*DIRECTIONS FOR THIS TASK*. In the data below, the copy begins at the line containing "More wainscoting can" and runs through the last line; repeat those lines exactly, minus the pictures.

*INFORMATION SUPPLIED*.
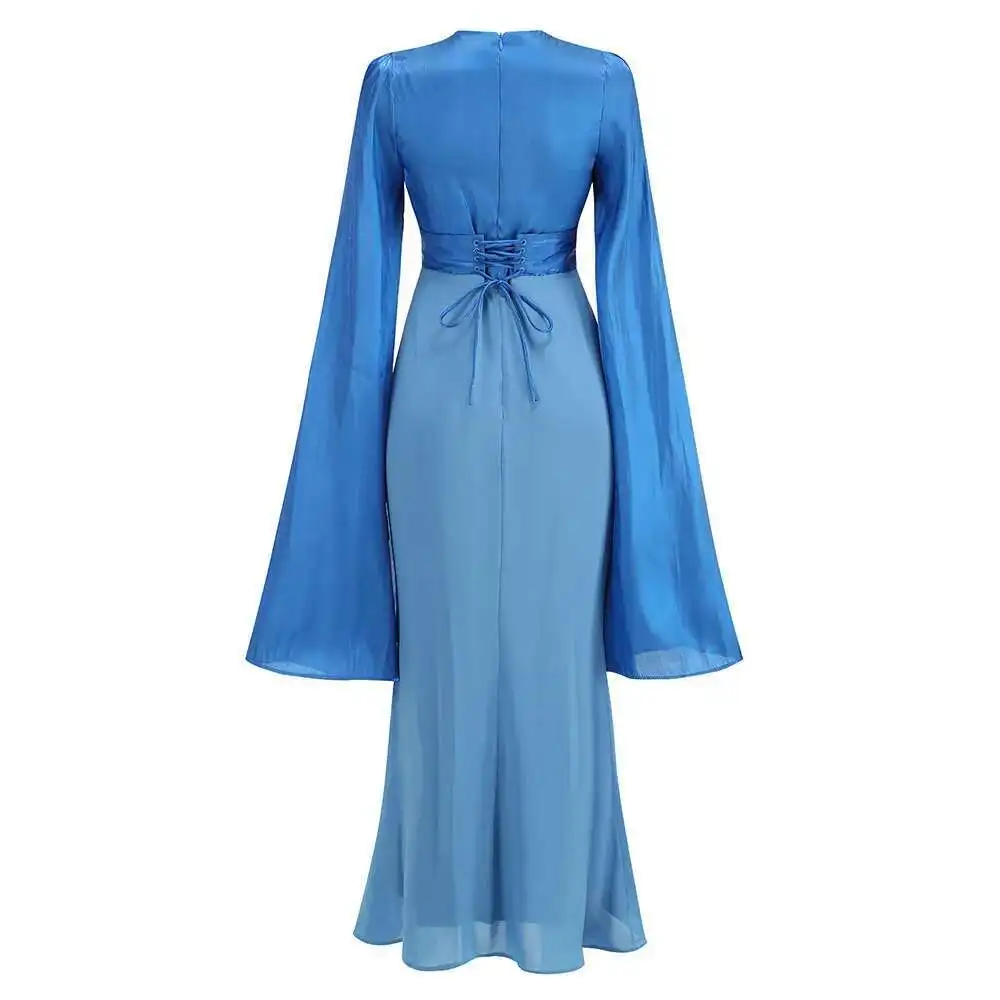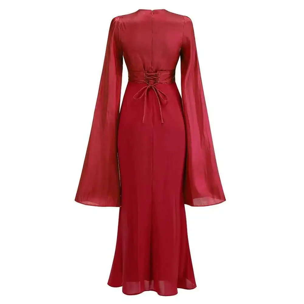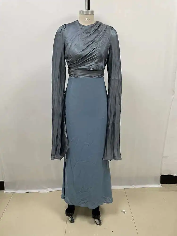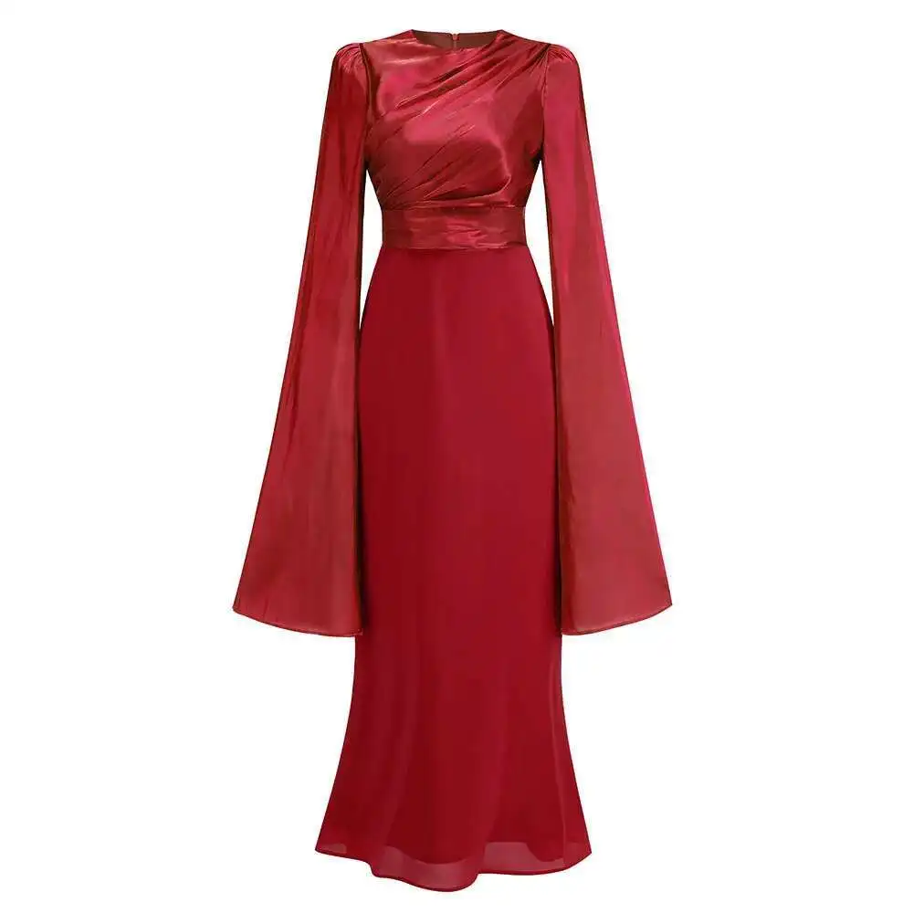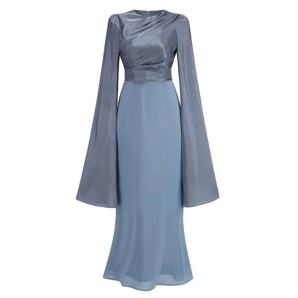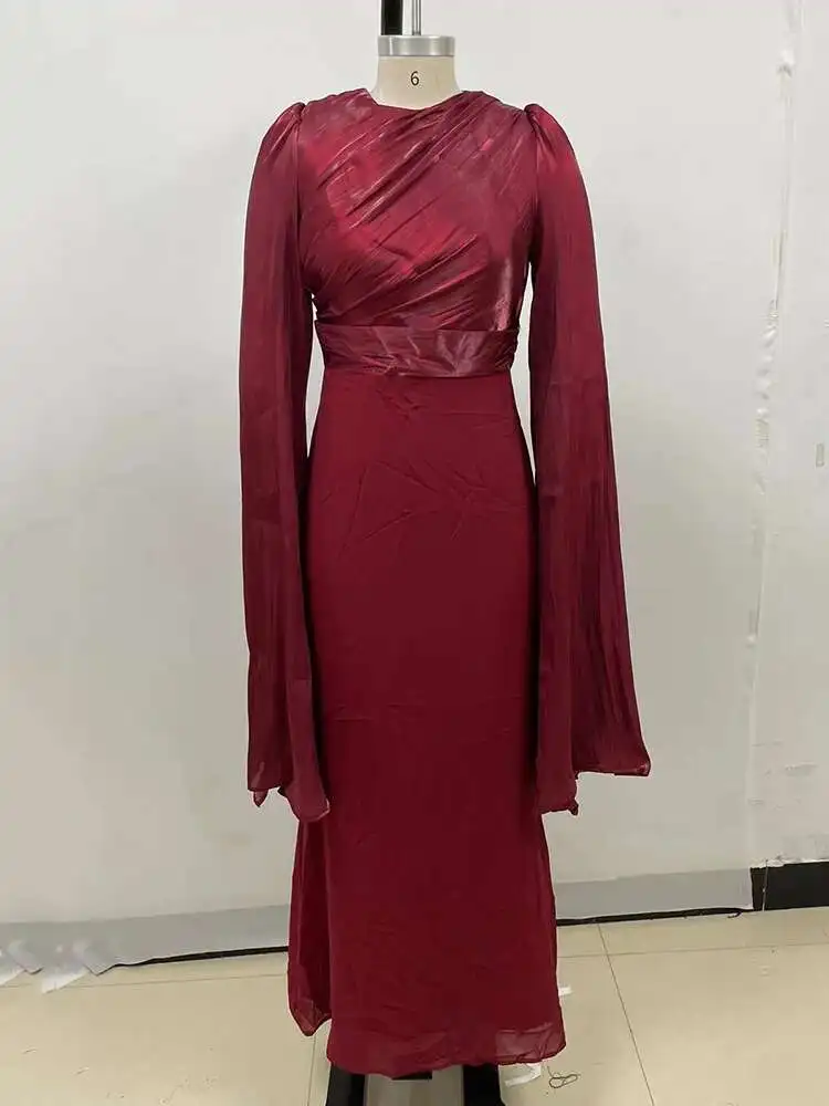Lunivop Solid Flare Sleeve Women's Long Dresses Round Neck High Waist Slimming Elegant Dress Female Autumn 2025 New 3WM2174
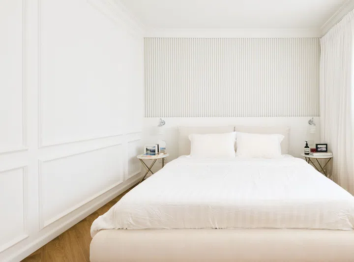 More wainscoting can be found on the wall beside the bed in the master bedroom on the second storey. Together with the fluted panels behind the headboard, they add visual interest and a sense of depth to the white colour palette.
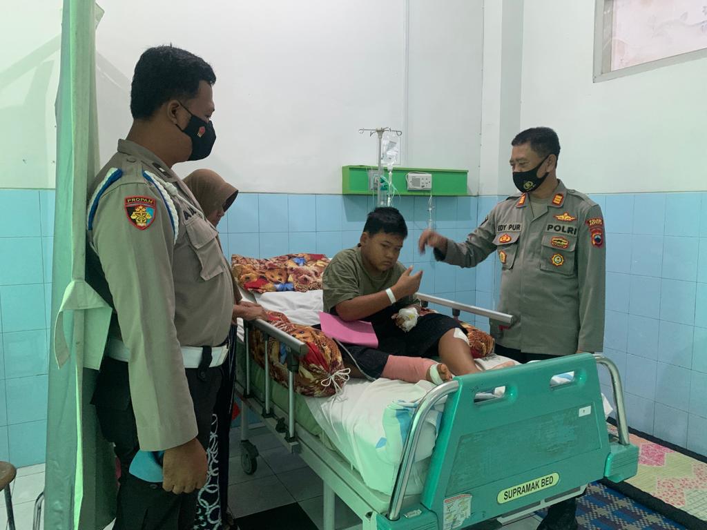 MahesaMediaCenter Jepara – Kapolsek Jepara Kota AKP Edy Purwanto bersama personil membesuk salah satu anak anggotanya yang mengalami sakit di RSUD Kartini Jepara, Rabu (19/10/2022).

*THE COMPLETED TASK*.
 More wainscoting can be found on the wall beside the bed in the master bedroom on the second storey. Together with the fluted panels behind the headboard, they add visual interest and a sense of depth to the white colour palette.
 MahesaMediaCenter Jepara – Kapolsek Jepara Kota AKP Edy Purwanto bersama personil membesuk salah satu anak anggotanya yang mengalami sakit di RSUD Kartini Jepara, Rabu (19/10/2022).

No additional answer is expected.